Click here to see the First Series of Ghost Busting essays.
Click here to see essays from the Second Series: The Ghost of Healthcare Consciousness.
About the AuthorHugh MacLeod is CEO of Canadian Patient Safety Institute. Graham Lowe, Ph.D., is President of The Graham Lowe Group Inc. and author of Creating Healthy Organizations: How Vibrant Workplaces Inspire Employees to Achieve Sustainable Success.
Marcy Saxe-Braithwaite wrote:
Posted 2013/05/14 at 12:24 PM EDT
very interesting commentary, thank you for your leadership and sharing your perspectives/thoughts. How will we shift the culture within health care to ensure accountability, transparency and promote healthy workplace behaviours.
Robert Pental wrote:
Posted 2013/05/19 at 08:29 AM EDT
I have had the honor of reading these essays , wandering as it were along the hallways and between the balconies. In these travels I could not help but notice a trend in their content and perspective. Now, before I publish my observations, let me say all have been well written and completed by those thoroughly versed in healthcare decorum. Moreover, they are all obviously planned events and so suggest in their substance a personification of the writers. That being said, might I suggest a calmer approach to the future. Seriously, I know all of you are leaders, or regard yourself as such, but from where I sit you all need to calm down, or, as the younger generation says, "Chill".
The unstated tone of having avoided or barely survived disaster combined with predictions inundated with the evidence based fear of the avoiding of yet another disaster, that if we are honest and transparent, has not occurred, is a bit unsettling. What is more, such an approach does not portray or project confidence in yourself or those with whom you surround yourself - namely the patients.

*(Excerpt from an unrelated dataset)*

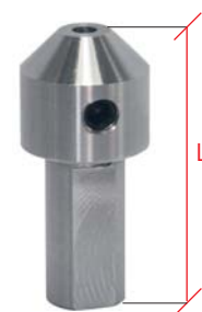
Art. 3.03.10 Maßstab 1:1 Full size

Yes, challenges will present themselves. However, this approach of questions layered in questions about the questions questioned, surrounded in another layer of the best results from the best answers based on the best evidence from the best researched research, entails among other things a degree of tail chasing that would leave the most dexterous not knowing what way is forward, let alone where to stand.
Granted, the literature out there implies that the most effective way to induce change, or keep resources active and engaged, as opposed to letting them grow complacent, is to generate a perpetual thread of crisis, that strangles if we move from it and entangles us if we stay in it. Which if the case were true would mean a degree of immediacy and urgent action is required. Or put it simply, I don't know where all the time is to complete extensive studies, research, and compose in-depth referenced essays if we are on the precipice of disaster.
And so finally, this response is not to say there is not work to be done, nor is it to say what has been shown in the essays is without merit and worthy of respect. However, if you want to change the way you work, then perhaps you should first change what you are working on. What is more, if the goal is to create lasting and enduring results at multiple levels, then the work to complete it must also be of such quality and quantity that it takes flexibility to finish. And so, seek out trust that people might be trusted; decency that people might be decent; creativity that people might be innovative; compassion that people might care; diligence that people might be thorough; and understanding that people might be understood. Seek out, in other words, that which even if you follow it still enables you to hold a position that leads. In the meantime then, we'll see you in the halls.